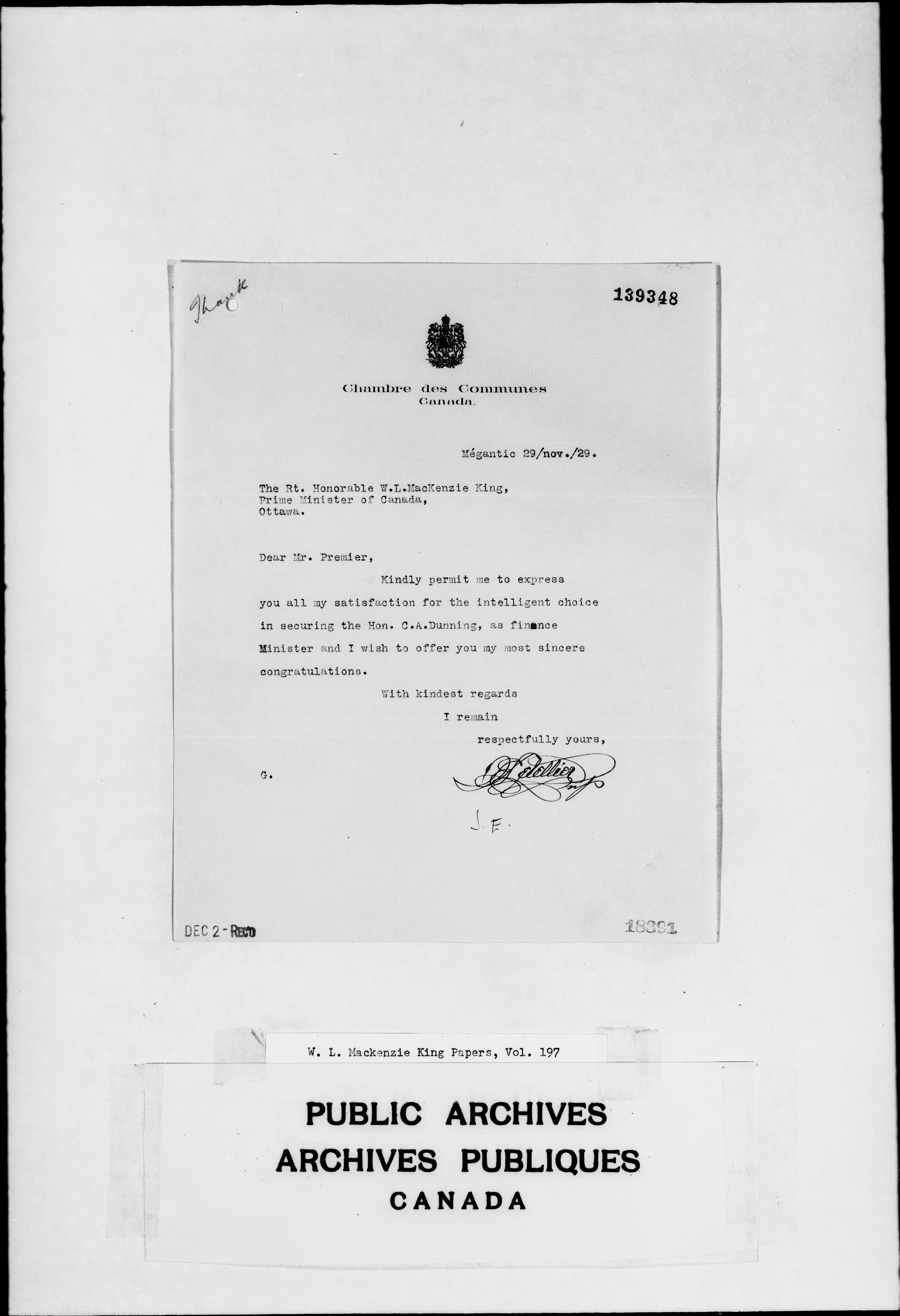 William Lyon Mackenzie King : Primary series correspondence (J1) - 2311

--

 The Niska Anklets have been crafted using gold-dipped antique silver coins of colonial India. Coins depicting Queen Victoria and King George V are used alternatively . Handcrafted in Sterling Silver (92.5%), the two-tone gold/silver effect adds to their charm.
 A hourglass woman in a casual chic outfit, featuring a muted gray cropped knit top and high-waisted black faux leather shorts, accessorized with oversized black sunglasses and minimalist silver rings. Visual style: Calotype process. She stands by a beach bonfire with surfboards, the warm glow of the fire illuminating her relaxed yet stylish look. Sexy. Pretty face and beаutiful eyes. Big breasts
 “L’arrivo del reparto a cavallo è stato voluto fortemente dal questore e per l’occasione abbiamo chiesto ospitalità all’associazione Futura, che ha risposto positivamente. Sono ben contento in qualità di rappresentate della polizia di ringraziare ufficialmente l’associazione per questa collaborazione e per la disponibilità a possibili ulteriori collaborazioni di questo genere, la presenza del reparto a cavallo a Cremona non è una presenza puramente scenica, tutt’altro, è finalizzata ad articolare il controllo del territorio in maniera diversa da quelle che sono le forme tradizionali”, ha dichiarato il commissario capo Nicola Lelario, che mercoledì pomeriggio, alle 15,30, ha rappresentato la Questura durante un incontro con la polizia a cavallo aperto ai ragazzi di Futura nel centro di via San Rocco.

What you are asked to do » Copy the lines of the entries above that mention "silver".

Worked solution »
 The Niska Anklets have been crafted using gold-dipped antique silver coins of colonial India. Coins depicting Queen Victoria and King George V are used alternatively . Handcrafted in Sterling Silver (92.5%), the two-tone gold/silver effect adds to their charm.
 A hourglass woman in a casual chic outfit, featuring a muted gray cropped knit top and high-waisted black faux leather shorts, accessorized with oversized black sunglasses and minimalist silver rings. Visual style: Calotype process. She stands by a beach bonfire with surfboards, the warm glow of the fire illuminating her relaxed yet stylish look. Sexy. Pretty face and beаutiful eyes. Big breasts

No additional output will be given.